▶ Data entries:
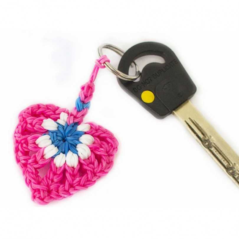 Этого достаточно, чтобы освоить азы плетения, а дальше можно учиться самостоятельно, покупая в магазинах для рукоделия обучающие наборы. В них входят схемы плетения определенного сувенира, крючок и пакетики с резинками нужных цветов. Ориентируясь на описание, приложенное к комплекту можно сплести сувенир своими руками.
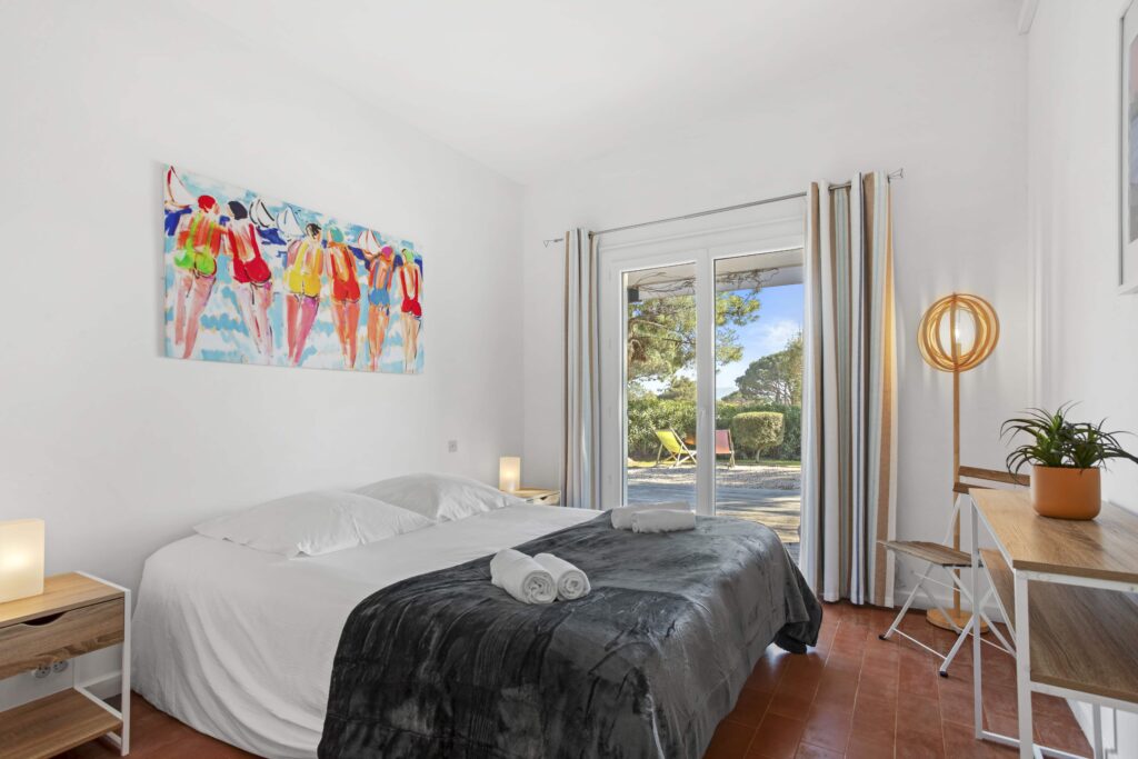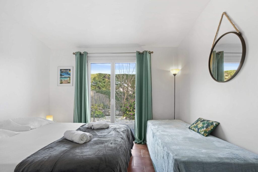 La villa Artemis (rénovée en 2021) est composée de 4 chambres (15 m2 environ) à grand lit (160×200 cm) de très bonne qualité (datant de 2021) et séparable 80×200 cm, donc 8 couchages.
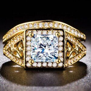 "Attractive 18K Gold Plated CZ Wedding Couple Ring, FB16FA1032
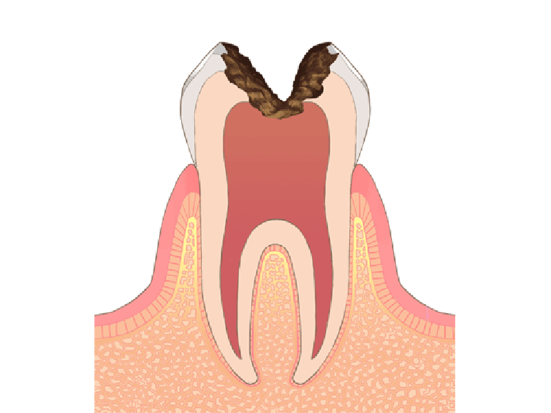 この様な場合は、むし歯が中期まで進行している可能性があります。
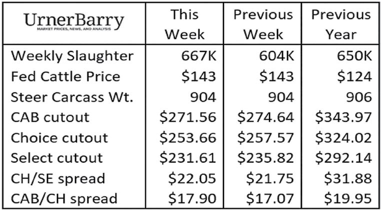 Prices have fallen quickly over the past two weeks on the boxed beef side of the business. The Choice cutout is down eight dol lars per cwt in that period with this week’s early quotes down to $252 per cwt.
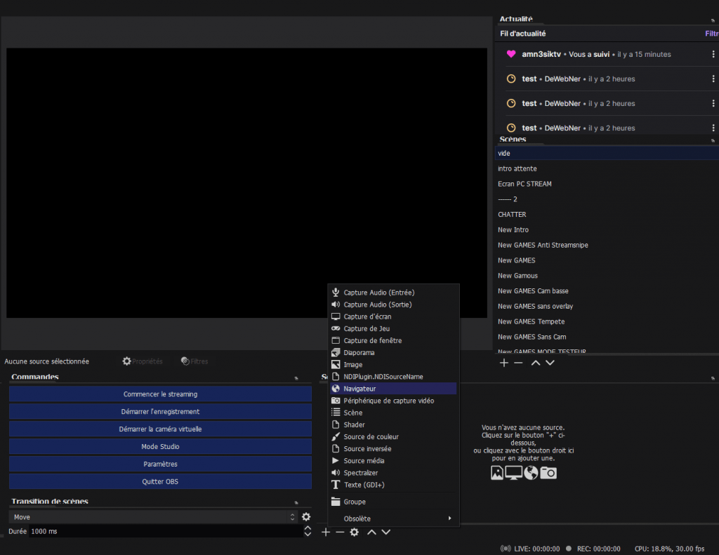 Rends-toi sur ton logiciel de streaming et crée une source de navigateur

▶ Work instructions: Transcribe all data precisely. Pictures are not copied.

▶ Task result:
 Этого достаточно, чтобы освоить азы плетения, а дальше можно учиться самостоятельно, покупая в магазинах для рукоделия обучающие наборы. В них входят схемы плетения определенного сувенира, крючок и пакетики с резинками нужных цветов. Ориентируясь на описание, приложенное к комплекту можно сплести сувенир своими руками.
 La villa Artemis (rénovée en 2021) est composée de 4 chambres (15 m2 environ) à grand lit (160×200 cm) de très bonne qualité (datant de 2021) et séparable 80×200 cm, donc 8 couchages.
 "Attractive 18K Gold Plated CZ Wedding Couple Ring, FB16FA1032
 この様な場合は、むし歯が中期まで進行している可能性があります。
 Prices have fallen quickly over the past two weeks on the boxed beef side of the business. The Choice cutout is down eight dol lars per cwt in that period with this week’s early quotes down to $252 per cwt.
 Rends-toi sur ton logiciel de streaming et crée une source de navigateur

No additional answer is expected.